Countess Dorothea of Hanau-Münzenberg (4 February 1556 – 5 September 1638), was a German noblewoman member of the House of Hanau by birth and by virtue of her two marriages Countess of Ortenburg and Gleichen-Kranichfeld-Ehrenstein-Blankenhain.

Life 
She was a daughter of Count Philip III of Hanau-Münzenberg and Countess Palatine Helena of Simmern.

On 15 June 1571 Dorothea married with Count Anton of Ortenburg (5 September 1530 – 23 May 1573), a member of the Aulic Council and governor of Heidenheim on behalf of Württemberg and son of Count Joachin of Ortenburg, who with his ally Frederick III, Elector Palatine established the Protestantism in his domains against the adjacent Roman Catholic Duchy of Bavaria ruled by Albert V. This marriage, in consequence, strengthened the Protestant cause in Germany and indirectly was seen as a threat to Bavaria. Moreover, Dorothea had a dowry of 10,000 florins, huge amount needed by the Ortenburg family who was short of money at that time because of their fight against Bavaria and the Aulic Council expenses of Anton caused considerable additional costs. Once betrothed, Anton and Dorothea where summoned at the court of the Elector Palatine in Heidelberg in May 1570, where the groom arrived from the Diet of Speyer. The wedding ceremony took place at Ortenburg Castle, followed by four days of festivities who costed 8,000 florins.

Anton died on 23 May 1573, leaving his wife pregnant.

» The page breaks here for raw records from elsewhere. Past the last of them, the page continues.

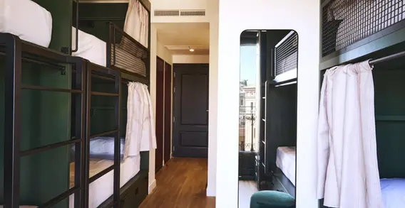 We stay in a modern, centrally located hostel. It’s tidy, safe and comfortable, with rooms of 4 or 6 beds (all same-sex) and privacy curtains on every bunk.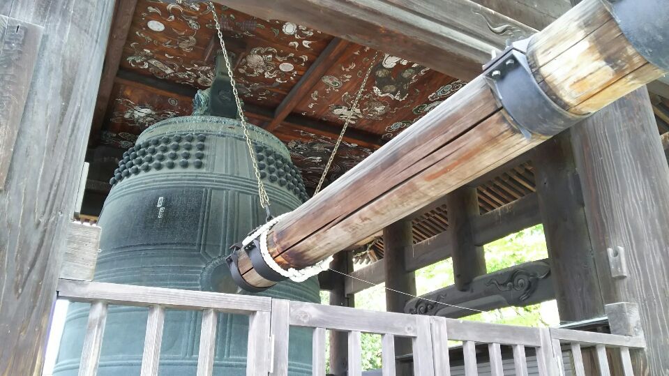 次は隣の敷地内にある「方広寺」です。ここには豊臣秀頼が鋳造した梵鐘に、徳川家康がイイガカリをつけて、大坂の陣勃発のきっかけとなった「鐘銘事件」の舞台となったところです。梵鐘に刻まれた「国家安泰」「君臣豊楽」の文字が家康の名前を分断し、豊臣家の繁栄を祈ったものという因縁をつけた話は有名です。その鐘は重さ82.7トンの重厚なものです。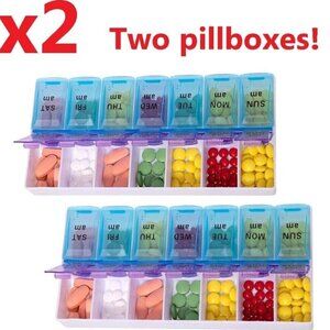 2PCs Weekly Pill Box Organizer 7 Day AMPM Organizer Case Medicine Removable Pill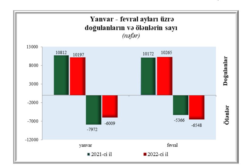 2022-ci ilin yanvar-fevral ayında Azərbaycan əhalisinin sayı 8 min 98 nəfər və ya 0,07 faiz artıb.

Seven months later, on 1 December 1573, Dorothea gave birth a son, Frederick, who only lived four days.

After the death of her husband and newborn son, the 17-year-old widow wanted to return with her family in Hanau. The financial settlement of this matter was slow. Only in 1575 Dorothea was able to leave Ortenburg, although the dispute continued until 1582. According to her father, this conflict cost him 23,000 guilders.

On 28 November 1585 Dorothea married with Count Volrad of Gleichen-Kranichfeld-Ehrenstein-Blankenhain (4 March 1556 – 8 March 1627), who was a student at University of Jena during 1573-1576. They had five children. Dorothea's second marriage ended in divorce in 1596. She never remarried.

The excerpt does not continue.